» Data for the task:
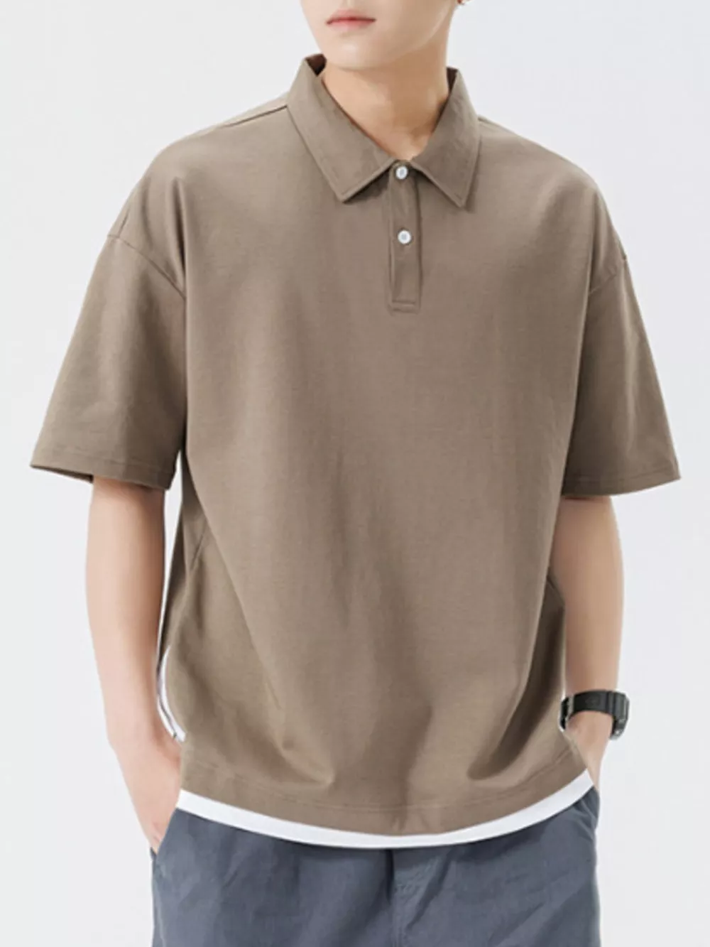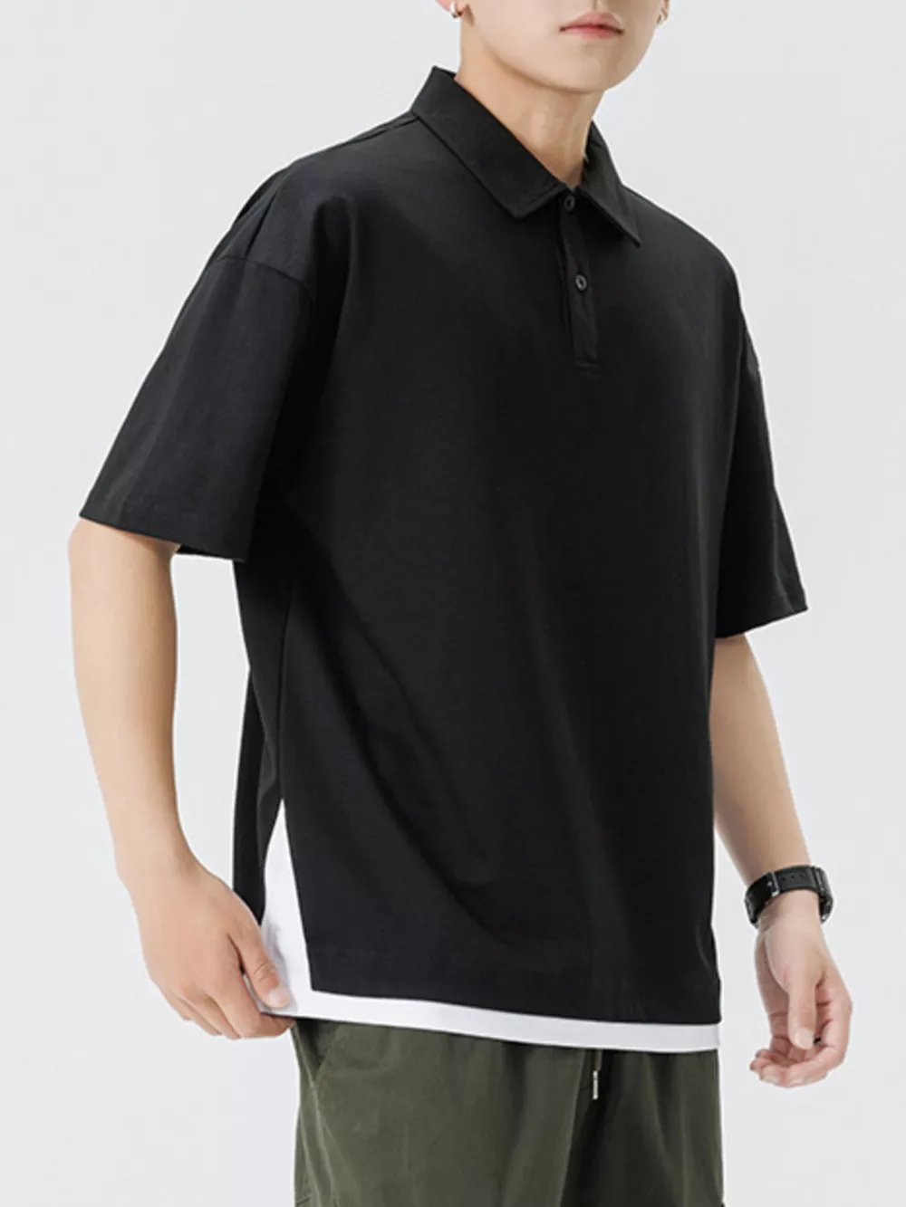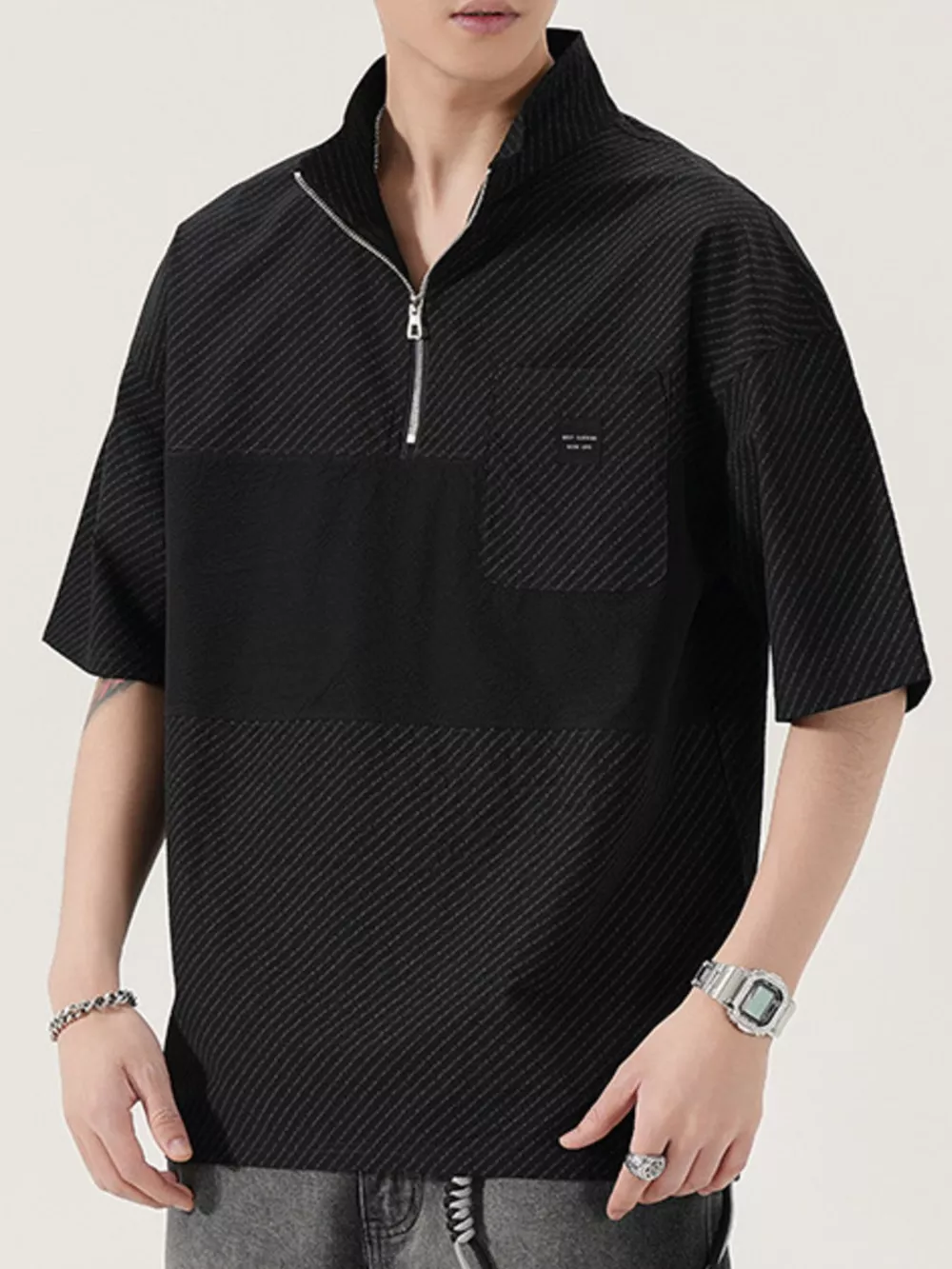 Men's Full Size Half-Zip Textured Oversized T-Shirt Plus Size
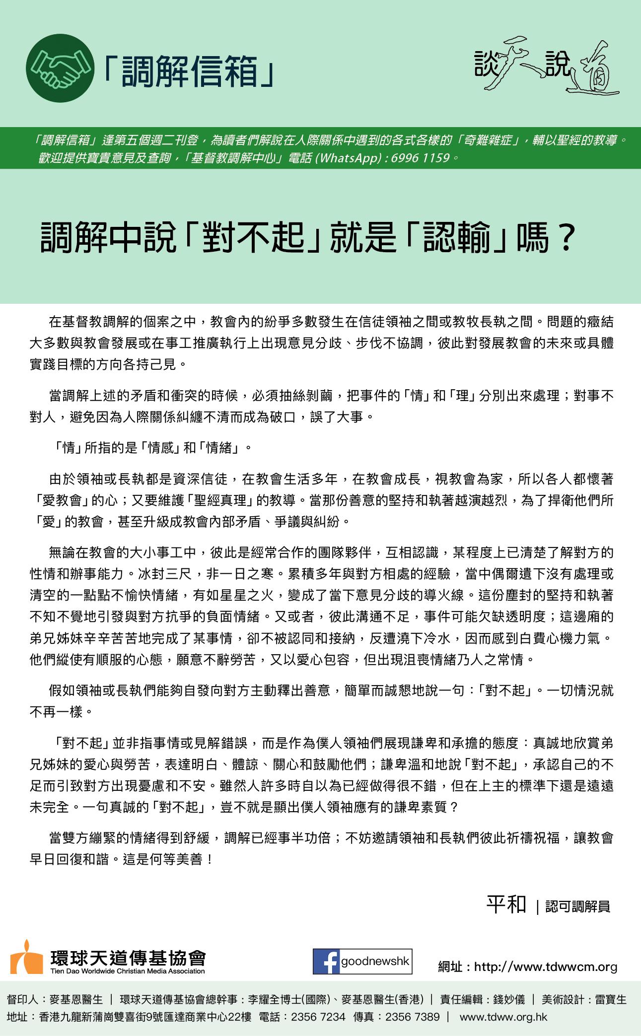 爭議雙方好不容易經過多番折騰、幾輪會議,在調解員的協助和引導下,摸著石頭一步一步向前行。雙方坦誠地對話,把各自關注的爭議和糾結抽絲剝繭解開,不但了解事件本身的來龍去脈和關鍵所在,更難得能夠面對面現場真情對話,彼此的關係再次接上,並且是生命更新的體驗。
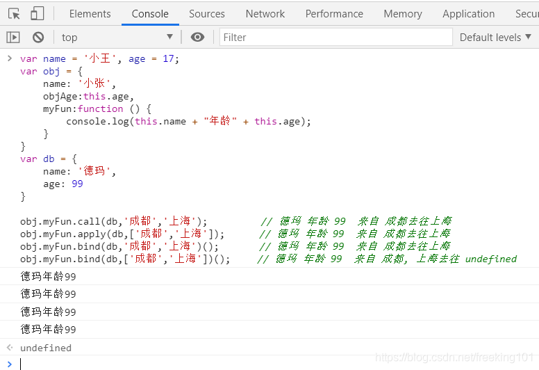}obj.myFun.call(db,'成都','上海'); // 德玛 年龄 99 来自 成都去往上海
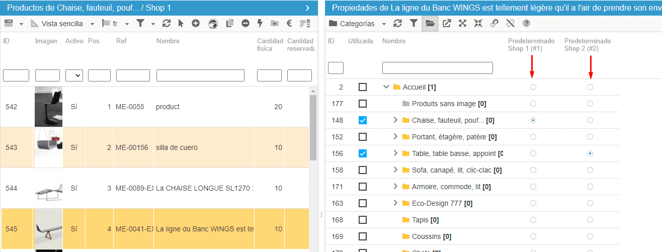 Cuando un producto está presente en varias tiendas, es posible definir su categoría por defecto en cada una de sus tiendas. Esto significa que el producto puede tener la categoría A como categoría por defecto en la tienda 1, y la categoría Z como categoría por defecto en la tienda 2.
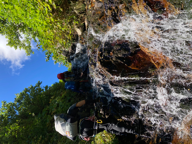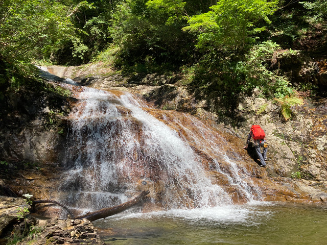 ゴルジュは高まき、7m滝はロープを出して右から登る。小ぶりな滝やナメが多く、気持ちが良い。
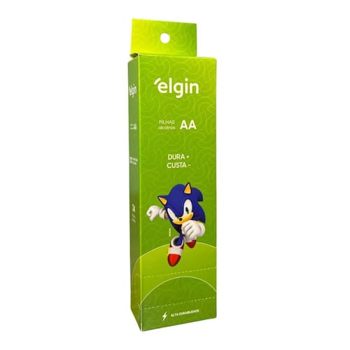 As pilhas alcalinas Elgin do mascote Sonic são ideais para brinquedos, controle remotos, lanternas e outros aparelhos que requerem descargas de energia rápidas e fortes. Elas foram aprovadas em todos os quesitos e têm ótima relação custo/benefício, você economiza e ainda conta com pilhas de alta qualidade. Entre 11 marcas de pilhas do mercado avaliadas em testes do INMETRO, as pilhas Elgin apresentaram um resultado excelente na relação custo por hora útil. Além disso, elas são testadas periodicamente por laboratórios credenciados pelo INMETRO, para garantir a qualidade e conformidade com a resolução Conama 401.
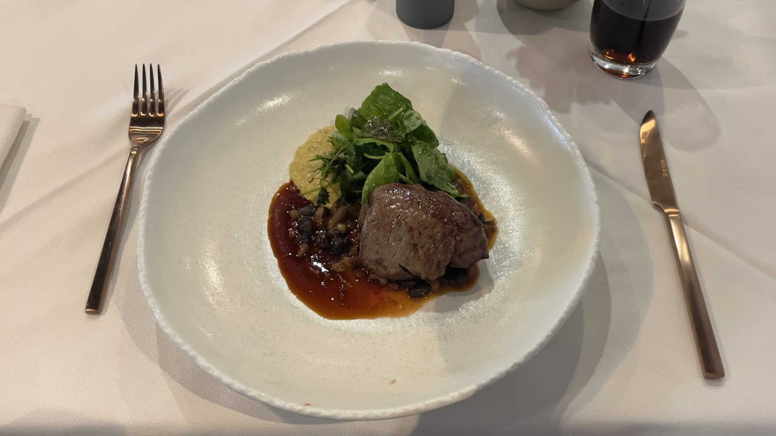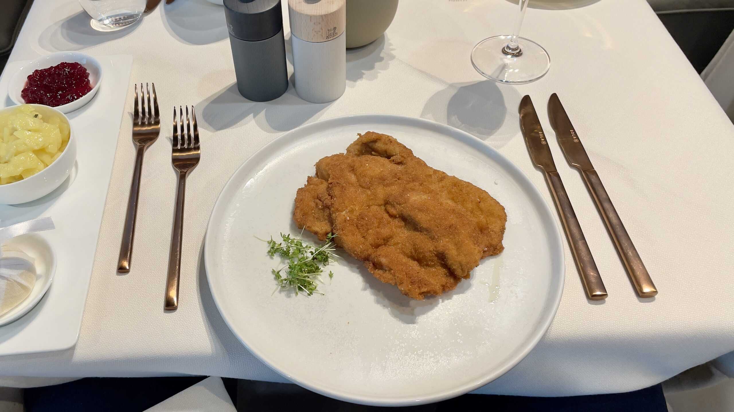 Im Anschluss gab es dann ein Rinderfilet mit Maiscreme und Jalapeño Jus, welches ebenfalls sehr lecker schmeckte. Anders als zum Beispiel in der Swiss First Class Lounge in Zürich war die Größe des Filets mit circa 200gr. ausreichend. Zumindest, wenn man im Anschluss noch Lust auf ein Wiener Schnitzel haben sollte.

» What is being asked:
With the pictures excluded, restate the material exactly as it stands.

» The answer:
 Men's Full Size Half-Zip Textured Oversized T-Shirt Plus Size
 爭議雙方好不容易經過多番折騰、幾輪會議,在調解員的協助和引導下,摸著石頭一步一步向前行。雙方坦誠地對話,把各自關注的爭議和糾結抽絲剝繭解開,不但了解事件本身的來龍去脈和關鍵所在,更難得能夠面對面現場真情對話,彼此的關係再次接上,並且是生命更新的體驗。
}obj.myFun.call(db,'成都','上海'); // 德玛 年龄 99 来自 成都去往上海
 Cuando un producto está presente en varias tiendas, es posible definir su categoría por defecto en cada una de sus tiendas. Esto significa que el producto puede tener la categoría A como categoría por defecto en la tienda 1, y la categoría Z como categoría por defecto en la tienda 2.
 ゴルジュは高まき、7m滝はロープを出して右から登る。小ぶりな滝やナメが多く、気持ちが良い。
 As pilhas alcalinas Elgin do mascote Sonic são ideais para brinquedos, controle remotos, lanternas e outros aparelhos que requerem descargas de energia rápidas e fortes. Elas foram aprovadas em todos os quesitos e têm ótima relação custo/benefício, você economiza e ainda conta com pilhas de alta qualidade. Entre 11 marcas de pilhas do mercado avaliadas em testes do INMETRO, as pilhas Elgin apresentaram um resultado excelente na relação custo por hora útil. Além disso, elas são testadas periodicamente por laboratórios credenciados pelo INMETRO, para garantir a qualidade e conformidade com a resolução Conama 401.
 Im Anschluss gab es dann ein Rinderfilet mit Maiscreme und Jalapeño Jus, welches ebenfalls sehr lecker schmeckte. Anders als zum Beispiel in der Swiss First Class Lounge in Zürich war die Größe des Filets mit circa 200gr. ausreichend. Zumindest, wenn man im Anschluss noch Lust auf ein Wiener Schnitzel haben sollte.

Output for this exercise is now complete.